Embodying as much energy as the visitor attractions around her, Alison Leaper is looking to make her mark quickly at the UK’s biggest tourist attraction.
Leaper embarked on her new career at the Pleasure Beach, Blackpool as group human resources manager in January this year. Moving directly from her role as regional HR manager at Principal Hotels, she is now responsible for a core of 500 permanent staff, and at least 1,500 seasonal recruits.
The variety of the Pleasure Beach, which includes a hotel and theatres, was the prime reason for Leaper’s move.
“Blackpool Pleasure Beach is not just about rides,” she says. “That’s what really attracted me. I’ve come from hotels, but here, you’ve got every business under one roof. That diversity is appealing,” she says.
Within the company is a rapidly expanding hotel known as The Big Blue, the 42-acre leisure park and an entertainment division known as Stageworks, which runs three live shows, including magic and ice spectaculars. The multi-faceted business also encompasses shops and 54 restaurant and catering outlets.
Her remit includes high-profile recruitment days, when Leaper and her department look for in excess of 1,500 temporary staff for all aspects of the business.
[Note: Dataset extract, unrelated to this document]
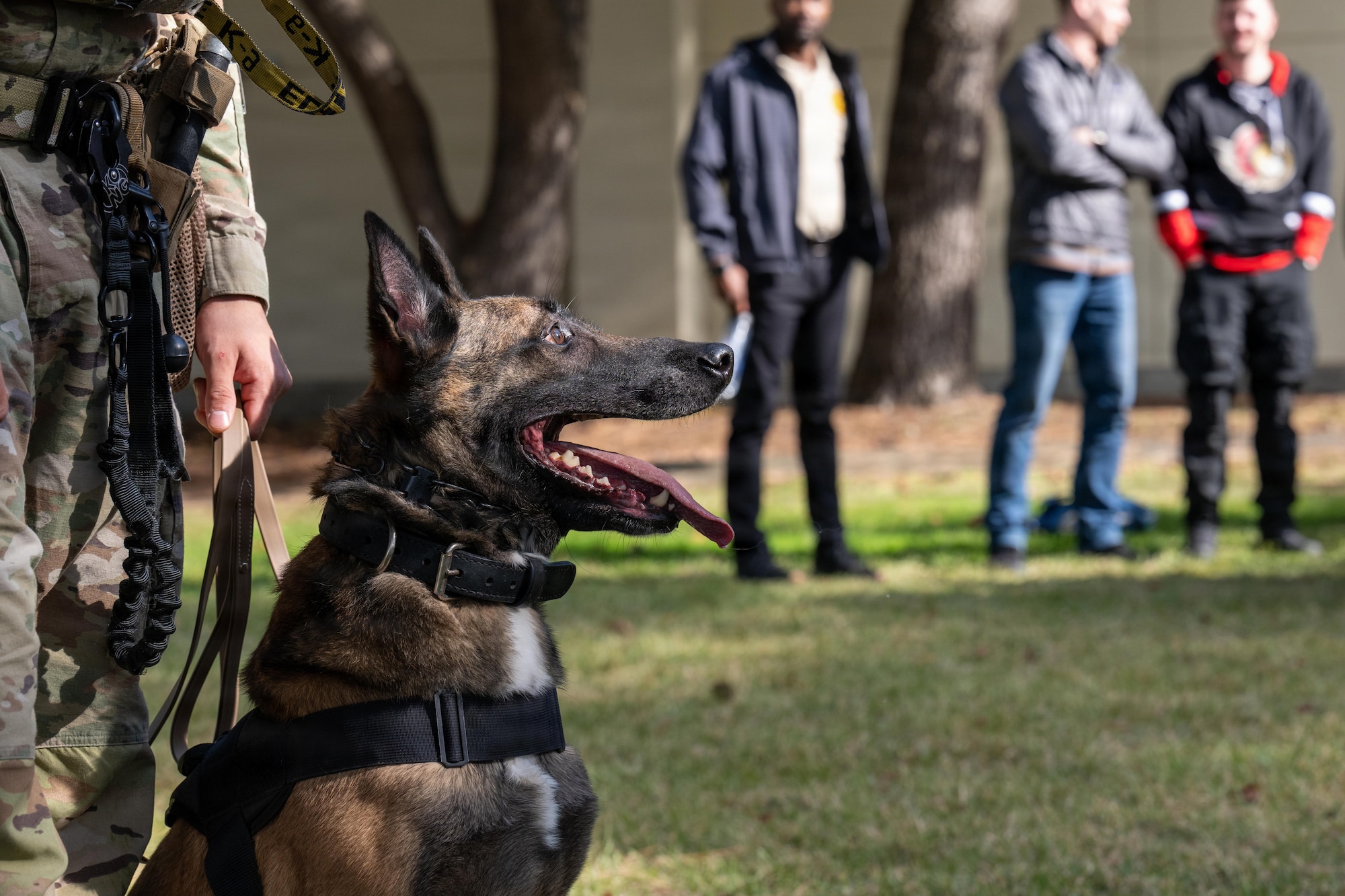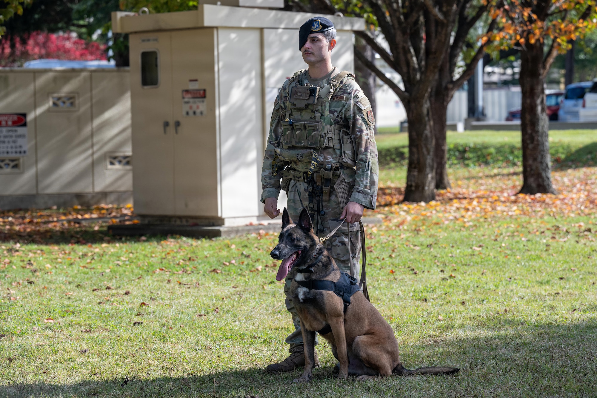 U.S. Air Force Staff Sgt. Dante Sepulveda, 35th Security Forces Squadron (SFS) military working dog (MWD) trainer, showcases the training of Clinton, 35th SFS MWD, as part of a demonstration during a joint special weapons and tactics training event at Misawa Air Base, Japan, Oct. 24, 2025. The K-9 demonstration showcased advanced detection and apprehension techniques, highlighting how teamwork between handlers and military working dogs strengthens the 35th Fighter Wing’s security posture. (U.S. Air Force photo by Airman Hannah Bench)
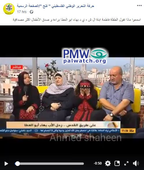 Posted text: “Listen to the words of the girl Fatima, the daughter of Martyr Baha Abu Al-Ata (i.e., Palestinian Islamic Jihad terrorist responsible for numerous attacks)

The Pleasure Beach season runs from Easter to November, and draws 6.2 million people through its seafront gates. Although July and August are hectic, the busiest time is October half-term, when the Blackpool Illuminations are still blazing. The park switches off its lights at the same time as the Illuminations in early November.
CHALLENGE
Finding and training seasonal workers for the demands of a park teeming with thousands of thrill-seekers is a big challenge for Leaper, but one she is tackling with vigour.
“First of all, the park has a fantastic, award-winning induction programme,” she says. Completing it is a condition of employment. It combines on- and off-the-job learning, classroom time and a treasure hunt. The evidence is presented in the form of a workbook, which has to be completed within a fortnight.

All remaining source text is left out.